Binding should concatenate the results (in reverse order, I am aware). However, at the moment GHC gives me the following error message:

example.hs:2:10:
    No instance for (Applicative Effect)
      arising from the superclasses of an instance declaration
    In the instance declaration for ‘Monad Effect’

example.hs:4:38:
    Couldn't match expected type ‘b’ with actual type ‘a’
      ‘a’ is a rigid type variable bound by
          the type signature for
            (>>=) :: Effect a -> (a -> Effect b) -> Effect b
          at example.hs:4:22
      ‘b’ is a rigid type variable bound by
          the type signature for
            (>>=) :: Effect a -> (a -> Effect b) -> Effect b
          at example.hs:4:22
    Relevant bindings include
      debugS :: a (bound at example.hs:4:14)
      (>>=) :: Effect a -> (a -> Effect b) -> Effect b
        (bound at example.hs:4:5)
    In the first argument of ‘Failure’, namely ‘debugS’
    In the expression: Failure debugS

I am new to Haskell and unused to GHC's error messages.
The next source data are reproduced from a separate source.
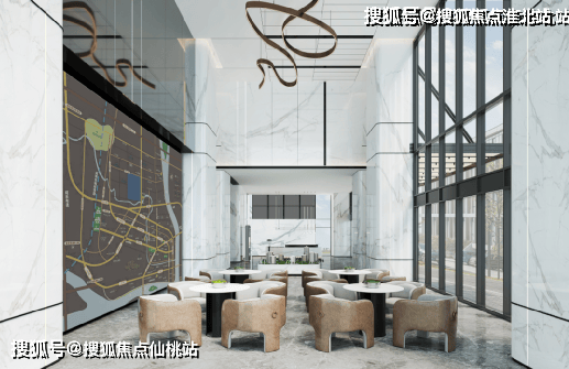 办公大堂的空间做得雄伟壮阔的同时保留细腻与精致,采用了统一色调的浅色石材作为背景墙壁,顶部长方形的线条将整个空间进行了延伸,深色的窗框与整个空间形成了色彩的对比,营造出一种国际、现代的空间感受。
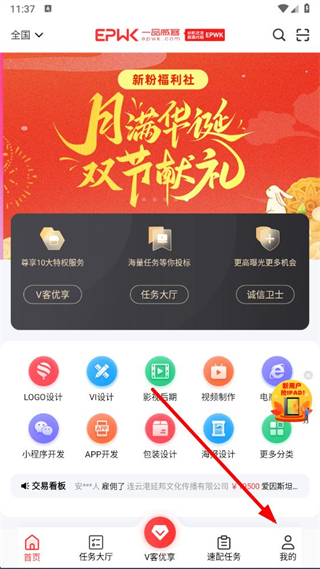 提供设计、开发、文案、装修、营销等多种分类任务,赚外快、做兼职之首选。
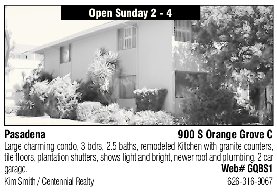 Open Sunday 2 - 4 Pasadena 900 S Orange Grove C Large charming condo, 3 bdrs, 2.5 baths, remodeled Kitchen with granite counters, tile floors, plantation shutters, shows light and bright, newer roof and plumbing. 2 car garage. Web# GQBS1 Kim Smith / Centennial Realty 626-316-9067
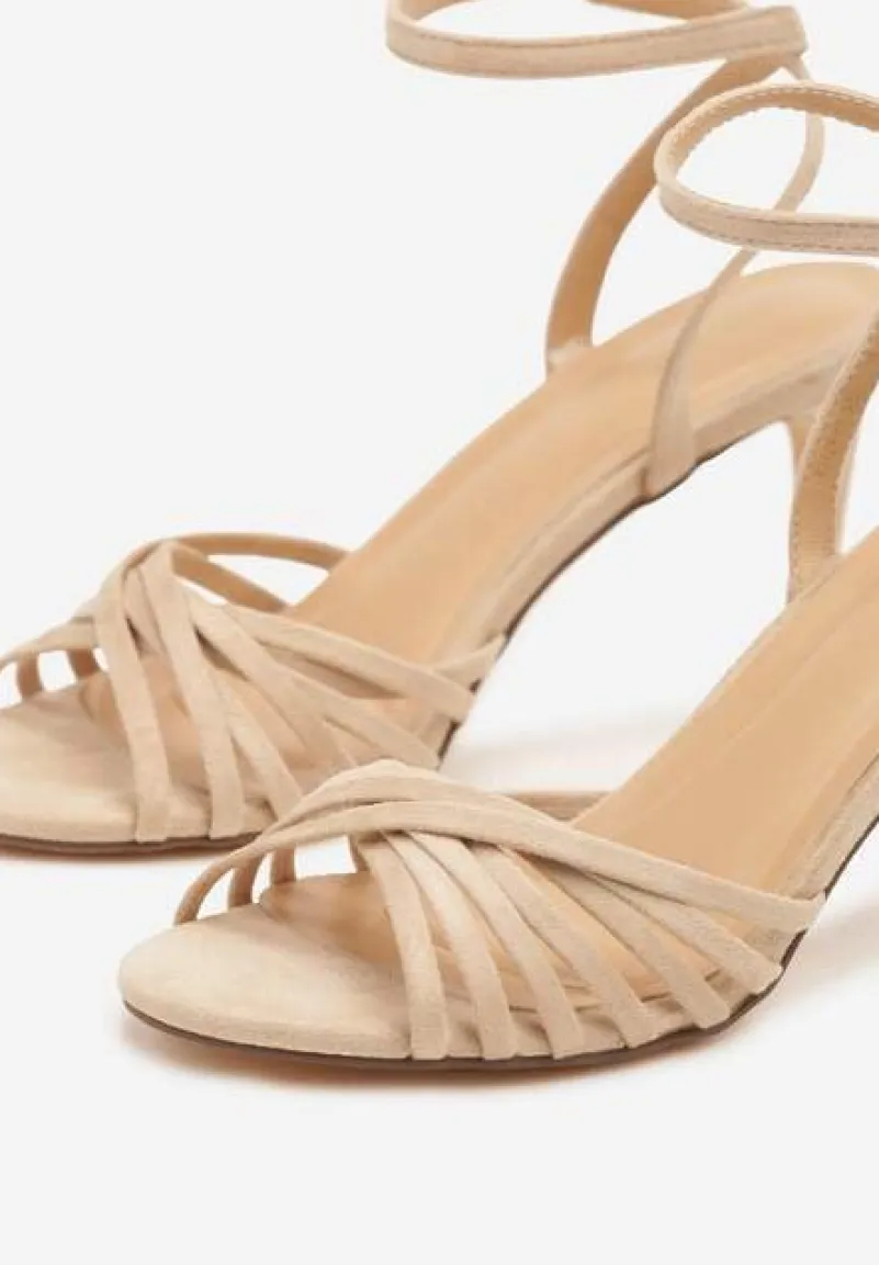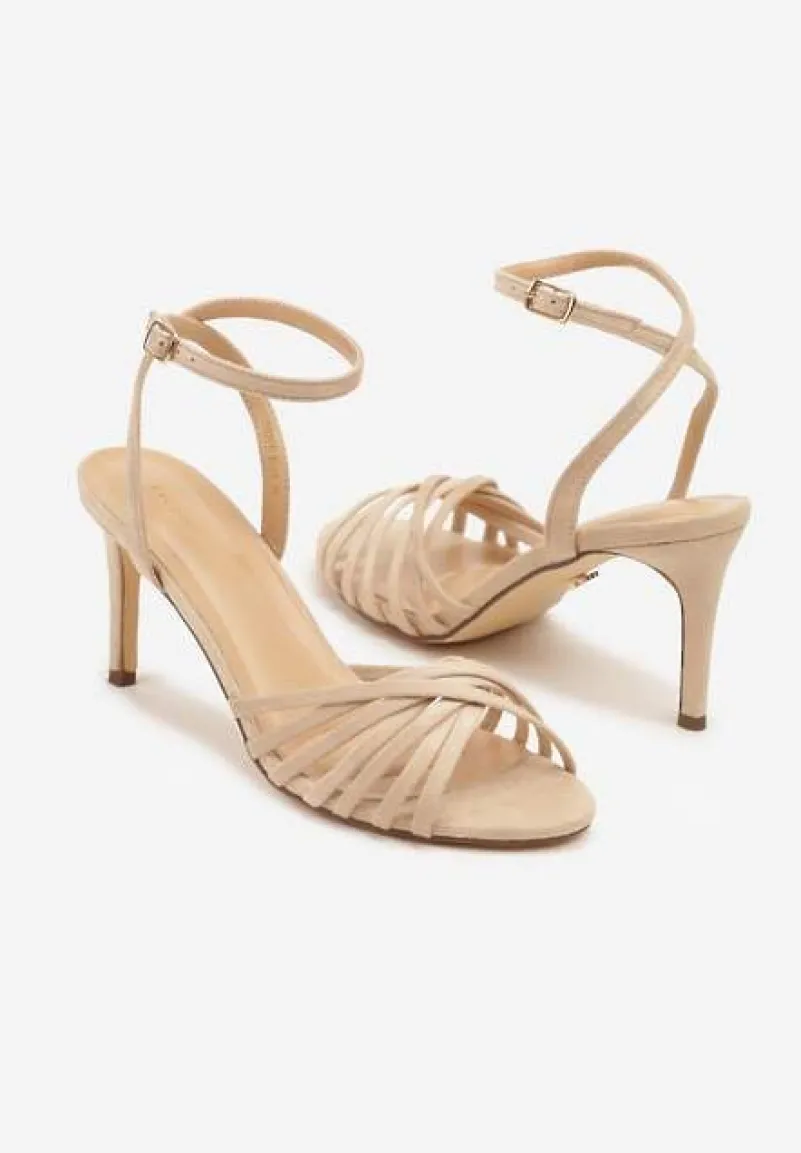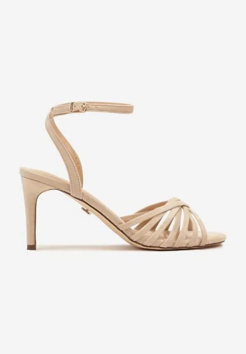Beżowe Sandały Vices na Obcasie Typu Szpilka Folineia
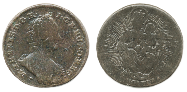 Poltura 1763 K-M +drobná růžice pod portrétem, Vídeň "R" Nov. 17 (cena T.C.)
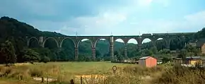 However, the planned extension from Tharandt to Freiberg turned out to be problematic. At first, the steep slopes between Tharandt and Freiberg were insuperable.[3] Ultimately, a route was selected along the Seerenbach Valley to Klingenberg with a maximum gradient of 1 in 40. Several large viaducts had to be built across the successive valleys of the Colmnitzbach, Bobritzsch and Freiberger Mulde rivers. By the time construction of this line started in 1859, rail engineers had acquired experience with steep haul operations on such inclines as the Schiefe Ebene and the Geislinger Steige. The line was opened to Freiberg on 11 August 1862.
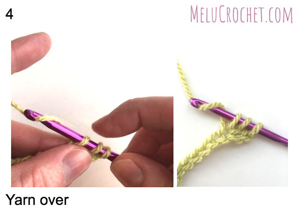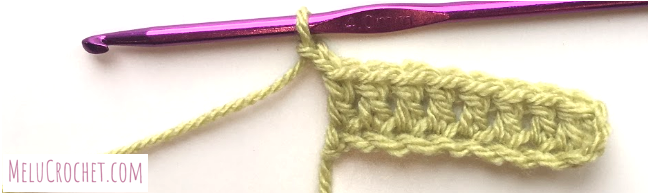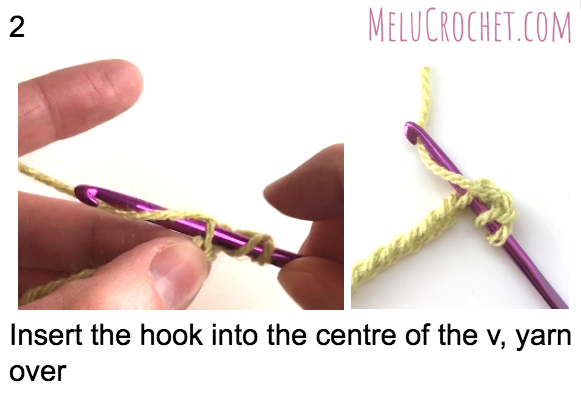 Complete your chain with the number of stitches given in your pattern, hold your chain on its side with the v’s facing you:
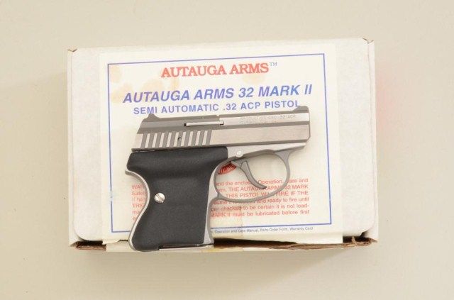 Antauga Arms MK II DA semi-auto pistol, .32 cal., near new in box, scarce. Est.: $175-$350.
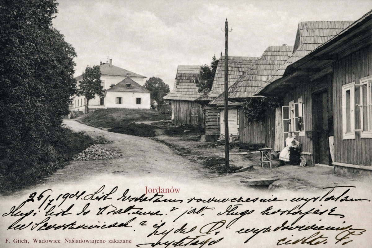 Poniżej Jordanów, ul. Kolejowa i widok w stronę szkoły. Fotografia wykorzystana na pocztówce pochodzi z 1899 roku, natomiast sama pocztówka została nadana w 1904 roku — w tym samym czasie, gdy w publikacji „Lud” opisywano zwyczaj chodzenia „po Grzegorzu” w Jordanowie i okolicy. Tak więc wyglądały wówczas ulice Jordanowa.
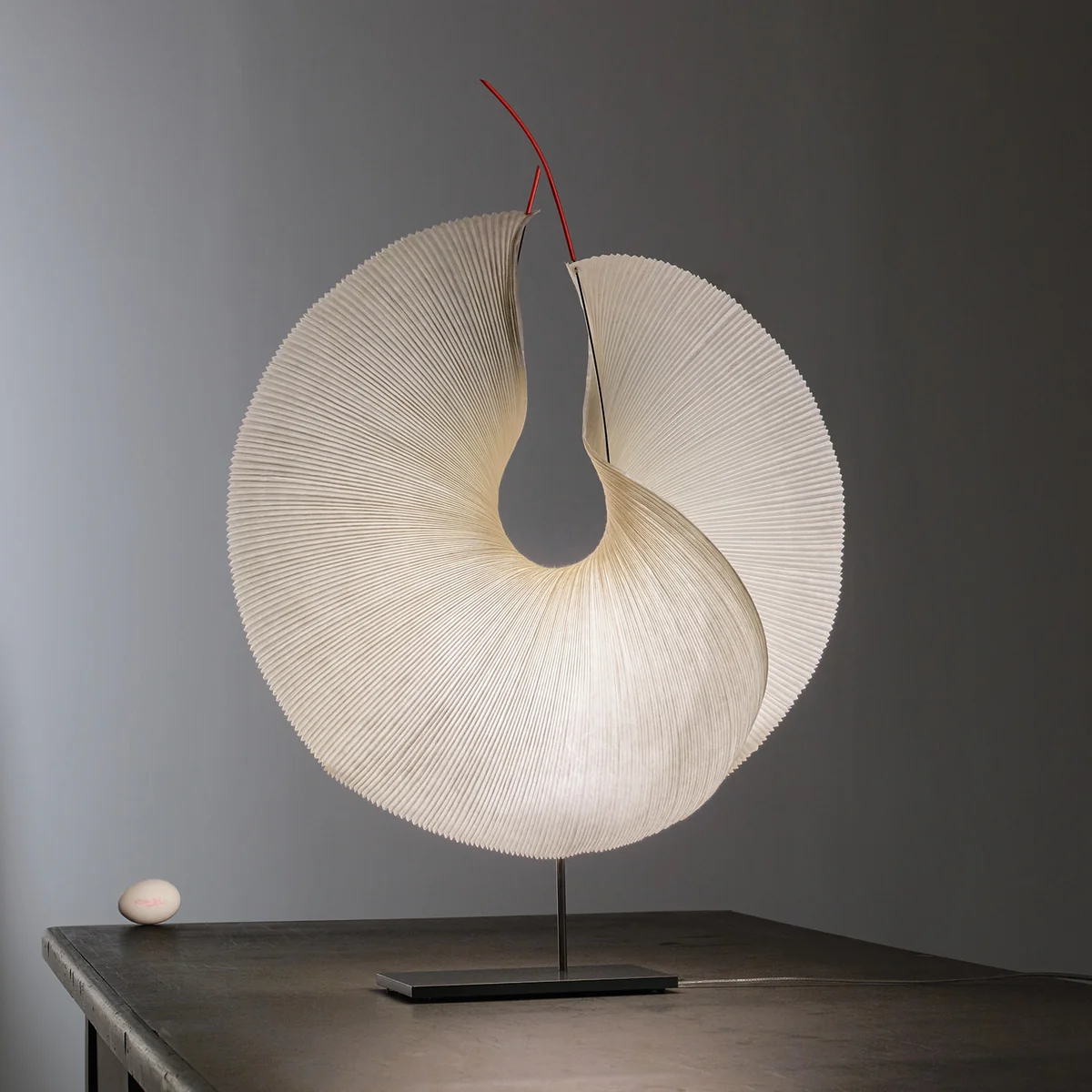 The Yoruba Rose LED table lamp of Ingo Maurer enchanted by delicate grace and perfection. Its light design and the warm, soft light make it the ideal lamp for rooms where you want to relax. Like a blossom striving upwards, the bow of Japanese paper stretches out on the thin metal wires, creating a three-dimensional effect. The red details at the upper end resemble a scar of a flower and give the design object elegance.
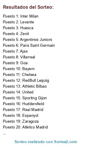 Lista de participantes: United, Zenit, Betis, Barça, Paris Saint Germain, Cartagena, Levante, Borussia Dortmund, Bayern, RedBull Leipzig, Pauli, Huddersfield, Chelsea, Celtic, Valencia, Goa, Zaragoza, Argentinos Juniors, Brentford, Inter Milan, Sporting Gijon, Villarreal, Osasuna, Liverpool, Ajax, Espanyol, Atletico Madrid, Boca Juniors, Athletic Bilbao, Ibiza, Huesca, Real Madrid.

How should I correct this error?

Upvotes: 1

Views: 81

Answers (1)

Anton Xue
Anton Xue

Reputation: 833

As of GHC 7.10, you unfortunately need to implement Monad, Applicative, and Functor due to the Functor-Applicative-Monad Proposal.

The reason you get the type error is because the type of >>= is:

(>>=) :: Monad m => m a -> (a -> m b) -> m b

This means that the function you pass in gives back type m b. However, because you give back Failure debugS, this is of type m a, which is a type mismatch, because it essentially forces the >>= to conform as:

(>>=) :: Monad m => m a -> (a -> m a) -> m a  -- Wrong!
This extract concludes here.